* _WHAT IS EXPECTED_
Reproduce the listing below character for character; drop every image.

(RAW DATA begins)

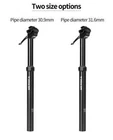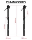 Material: aluminum alloy Travel: 100mm/125mm Length: 445mm Size: 30.9mm/31.6mm Weight: 30.9mm seat post is about 678g/31.6mm seat post is about 706g Seat post features: 1. The height of the seatpost can be manually adjusted to lock it at any position within the effective travel range. 2. The seat post is made of aluminum alloy, and the surface adopts anodizing process, which is high in strength, corrosion-resistant and durable. 3. The seat cushion angle can be adjusted through the upper and lower splints to maintain a more comfortable riding experience.
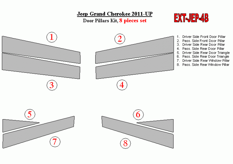 Jeep Grand Cherokee 2011-UP Exterior Door Window Pillar Post Cover Trim
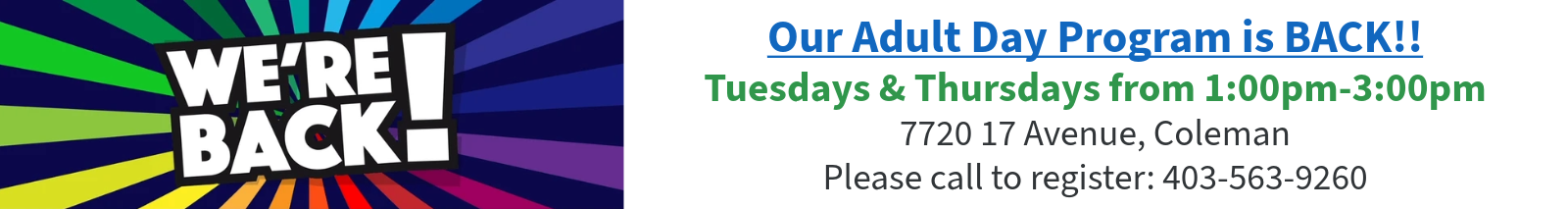 “We want to thank Cartwright Cares for the great service you are providing us and the Crowsnest Pass. Joe has been going to your Adult Day Program two times a week, and so far, he has enjoyed activities such as yard and table games, putting together puzzles, painting, crafts, and sing-alongs—all geared to his interests and abilities. Joe loves to socialize, and the staff are genuinely friendly and caring.

(RAW DATA ends)

* _RESULT OF THE EXERCISE_
 Material: aluminum alloy Travel: 100mm/125mm Length: 445mm Size: 30.9mm/31.6mm Weight: 30.9mm seat post is about 678g/31.6mm seat post is about 706g Seat post features: 1. The height of the seatpost can be manually adjusted to lock it at any position within the effective travel range. 2. The seat post is made of aluminum alloy, and the surface adopts anodizing process, which is high in strength, corrosion-resistant and durable. 3. The seat cushion angle can be adjusted through the upper and lower splints to maintain a more comfortable riding experience.
 Jeep Grand Cherokee 2011-UP Exterior Door Window Pillar Post Cover Trim
 “We want to thank Cartwright Cares for the great service you are providing us and the Crowsnest Pass. Joe has been going to your Adult Day Program two times a week, and so far, he has enjoyed activities such as yard and table games, putting together puzzles, painting, crafts, and sing-alongs—all geared to his interests and abilities. Joe loves to socialize, and the staff are genuinely friendly and caring.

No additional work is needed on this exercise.